On the server console, you should now see the following:

   Customer: John Doe   No address yet.   Customer: John Doe   Address: 4150 Network Circle Santa Clara, CA 

You’ve seen the basics for using Ja.NET to communicate between a .NET client application and a Java server application. Here’s a brief list of Ja.NET’s other features. First and foremost, you can use both .NET Remoting channels: the HTTPChannel using a SOAP wire format and the TCPChannel with its proprietary, smaller binary format. You manage object lifetime using leases, which you can configure in Janetor for client-activated objects. Different from .NET Remoting, server-side Java singletons are not lifetime managed (in .NET they can timeout as well) and exist for the full lifetime of the application.

All this functionality is available regardless of whether you’re running either Java or .NET on either the client or the server side. Ja.NET is completely bi-directional!

What’s Missing?
.NET Remoting is a fairly new technology and Ja.NET 1.0 has been only recently released; therefore some of the more advanced features are not yet implemented (most of them are nevertheless officially or unofficially announced for the next release or service pack). For example, in this version it’s impossible to use sponsors with client-activated objects because the lifetime management is based on leases alone. Other things not yet possible are using events and out or in/out parameters. However, Intrinsyc has announced that the next version will support transparent mapping of .NET and Java collection classes.

Read the Manual!
If you want to use or evaluate Ja.NET: read the manual! It’s a very brief but absolutely essential read. Using the Janetor, GenNet, and GenJava tools is not as straightforward and intuitive as one might wish. Sometimes you have to enter relative paths, sometimes absolute paths; sometimes you need to enter the .DLL extension but in other places it must not be present?the user interface doesn’t really help you here.

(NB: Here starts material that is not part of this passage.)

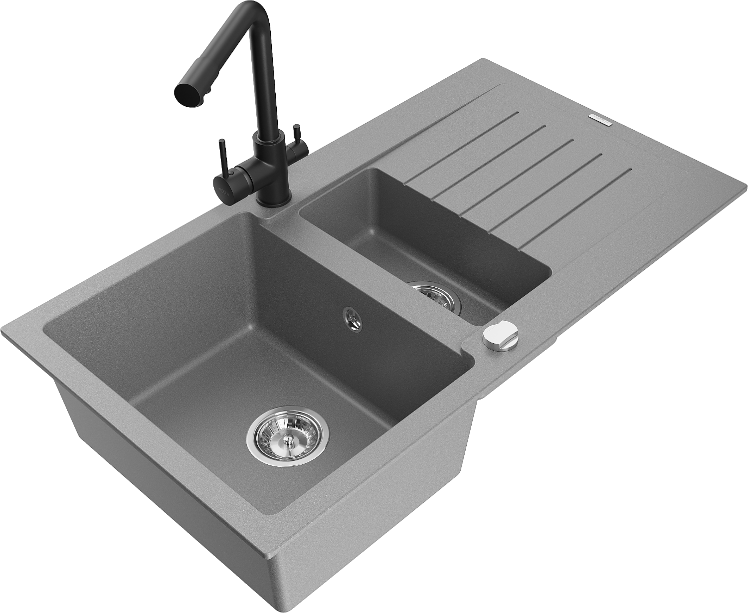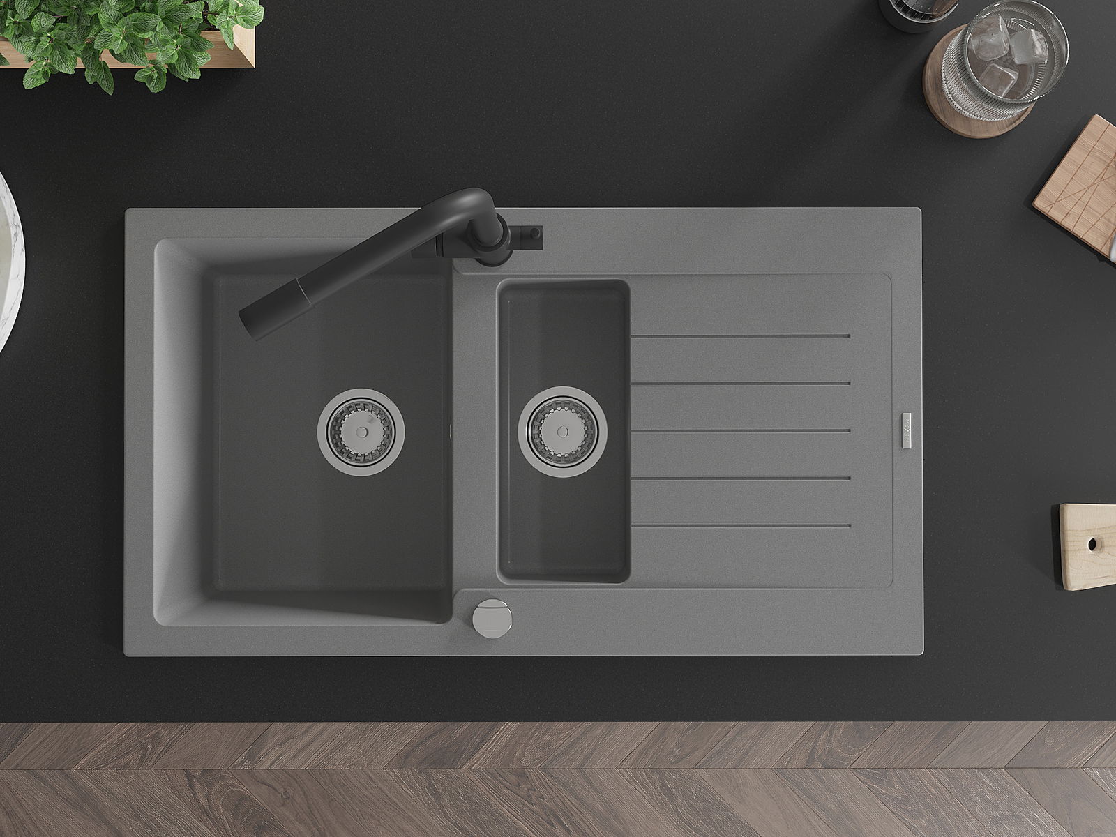 Mexen Matias lavello in granito 1,5 vasca con sgocciolatoio e rubinetto da cucina Duero, grigio - 6502-71-671600-70

Download and installation were absolutely straightforward.

If mysterious exceptions (like the already mentioned NullReferenceException) begin to occur in an otherwise perfect program, check all the data you recently changed in these tools. It’s quite likely you have inadvertently entered something in a wrong format.

In my opinion, Ja.NET is a great step in the right direction. Opening .NET Remoting to Java seems like a natural thing to do and Intrinsyc did a good job implementing it. When compared to other Web Service toolkits or application servers, the pricing is reasonable: Ja.NET is priced by machine (not by CPU!). The machine license also includes ten licenses for development, testing, and staging. A notable (and unfortunately not yet very common) bonus is that Intrinsyc also officially supports Ja.NET running on the open source JBoss application server. Ja.NET comes with a 60-day evaluation license, which should give you more than enough time to try it with your applications.

The sloppy tool user interfaces and Ja.NET’s not-so-helpful error messages make first-time evaluation a little bit harder but shouldn’t affect your day-to-day work after you get used to them.

Ja.NET is definitely capable of solving some of today’s most daunting tasks in cross platform applications, especially because it supports fast TCP channel and client-activated objects?two things which aren’t available with classic Web Services toolkits. I’m really looking forward to receiving the next version, because the announced features will make Ja.NET a killer application.